Il QUANTOBASTA di Claudia Giannuli

Mostra personale della scultrice Claudia Giannuli, a cura di Roberta Fiorito, Nico Murri e Francesco Paolo Del Redal 11 febbraio al 11 Marzo presso 'Fabrica Fluxus Art Gallery', in Via Celentano 39 a Bari. Undici lavori chiusi in teca, in cornice ma anche in campane di vetro di mediterranea e sacra memoria oltre ad una video installazione curata da Nico Murri.

“Frammenti che congelano istanti di una narrazione che, procedendo per singoli episodi, parlano della crudele banalità del quotidiano, di frustrazioni e fallimenti, di torbidi sentimenti, senza mai cadere nel patetico ma spesso con ironia, disillusione e anche un pizzico di cinismo. Sculture, quindi, o meglio: microcosmi, osservati come da un cannocchiale rovesciato, a cui ci si avvicina con delicatezza e in religioso silenzio, e con la fragilità della ceramica e dei vetri cristallini, con la minuzia, quasi maniacale, con cui ogni particolare è curato, ti sussurrano sotto voce e poi lentamente si insinuano e si sedimentano. Queste scatole della memoria ci parlano attraverso “figurine” fortemente semplificate, cifra stilistica che caratterizza il lavoro della Giannuli, essenziali quasi come se il tempo che è passato abbia attuato una sorta di inevitabile stilizzazione che ha lasciato e fatto ricadere solo l’essenza delle “cose”. E le “cose” possono essere tante e affastellate come sul tavolo di “ Tick Tick Tick ” o sotto la gonna de “La vecchia”, oppure semplicemente un paio di forbici sul pavimento, o una goccia di sangue che stilla da un cuore tenuto a guisa di trofeo. Gesti ed espressioni che in qualsiasi caso funzionano come delle micce che innescano epifanie e rimandi. Catalizzatori di memorie e ricordi che sono dell’autrice ma che parlano un linguaggio universale, riferiscono ad un immaginario collettivo.

Analizzando i lavori di Claudia, figlia di questa età contemporanea cresciuta a "pane e internet", salta all’occhio come i numerosi input iconografici, la modalità di composizione e realizzazione dei lavori, attingano a piene mani tanto dalla cultura “alta” quanto da quella “popolare” e dalla cultura di massa senza soluzione di continuità. Recupera un immaginario tradizionale e sacro mescolato a stilemi neo pop derivati dai cartoon e dai manga giapponesi. C’è poi una forte componente “ludica”, non affatto trascurabile. Se già iconograficamente il riferimento al gioco “delle bambole”, dalle classiche casette a Barbie ai più moderni videogiochi, è lampante, non è da sottovalutare il valore simbolico e metaforico che questa scelta assume. Nel tentativo di risistemare e mettere ordine nella moltitudine di sensazioni e memorie, stereotipi e cliché, l’operazione di “miniaturizzazione” del mondo diventa il mezzo attraverso il quale Claudia riesce a prenderne il controllo, ad impossessarsi di paure e inquietudini rendendole così addomesticate per poterle, poi, liberamente ricomporre.

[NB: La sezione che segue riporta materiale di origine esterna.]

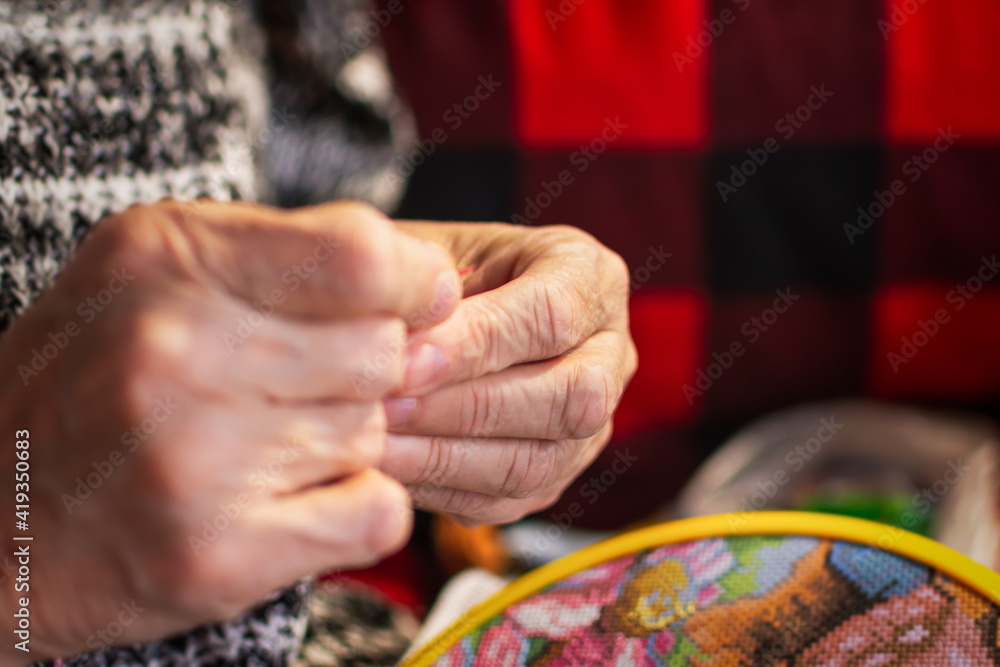 A woman embroiders with a cross. Wrinkled hands close up. An elderly woman holds a hoop and thread with a needle in her hands. Soft focus. The concept of hobby and manual labor. Pleasant home leisure.
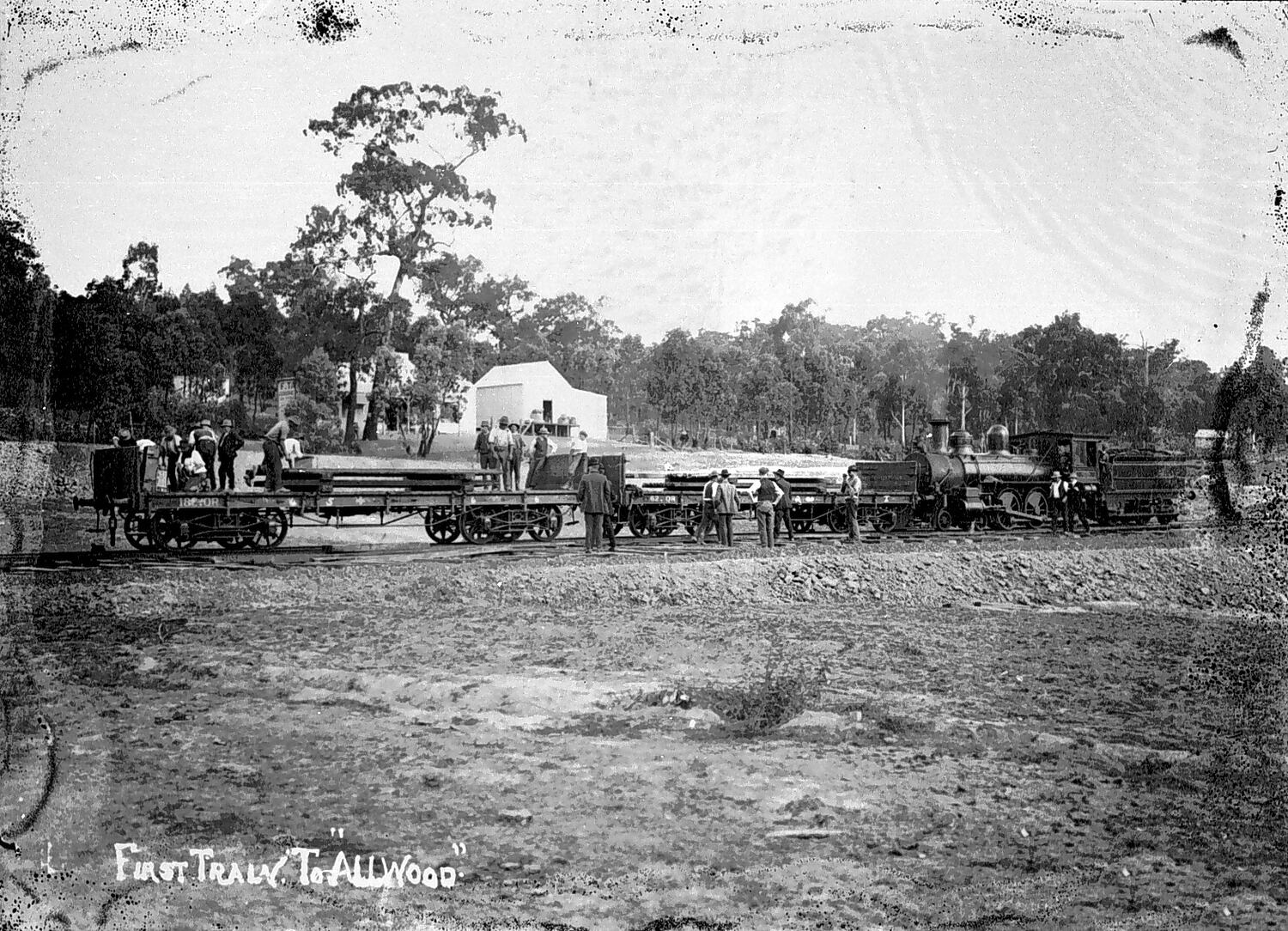 The train is pushing a number of flat bed trucks. Photograph appears to show a Victorian S-class steam locomotive with double- bogie flat trucks carrying sleepers or other timber for railway construction the photograph is believed to depict construction o.
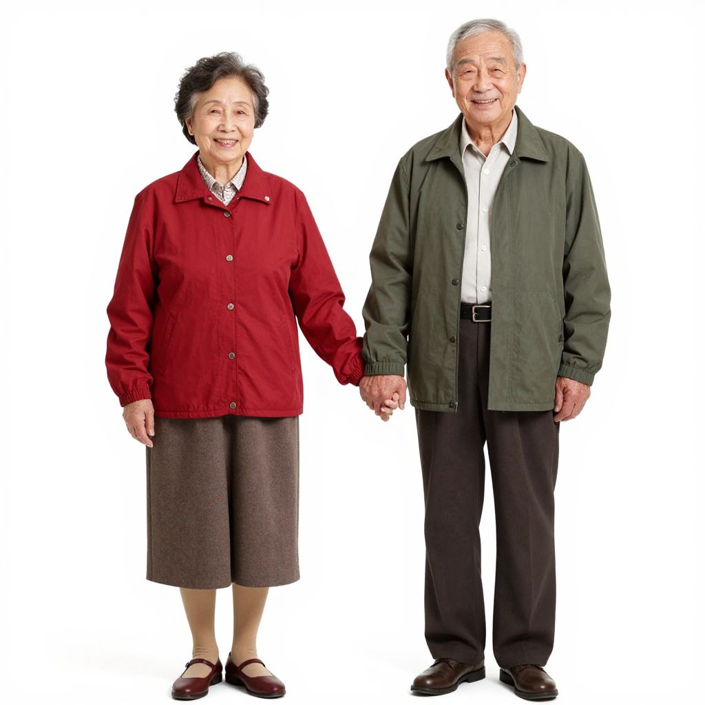 Two elderly individuals stand hand-in-hand against a plain white background, with the woman wearing a red jacket and brown skirt, and the man dressed in a green jacket and dark pants, both smiling warmly.

Il gioco diventa, quindi, un tramite attraverso il quale l’artista dà voce a condizioni emotive e sociali burlandosi dello stereotipo e del cliché con l’ironia di chi si sente, in fondo, chiamato in causa.  Il tutto, però, è ben lontano dall’essere assimilabile ad un diario di confessioni autobiografiche o a sfoghi passionali; è un racconto feroce, quello che la Giannuli mette in scena, trattato, certo, con delicatezza, avvolto da delicati toni fiabeschi e onirici che riferiscono ad una sensibilità quasi neo-naive e neofolk, ma giocoso fino in fondo e per questo inevitabilmente crudele.”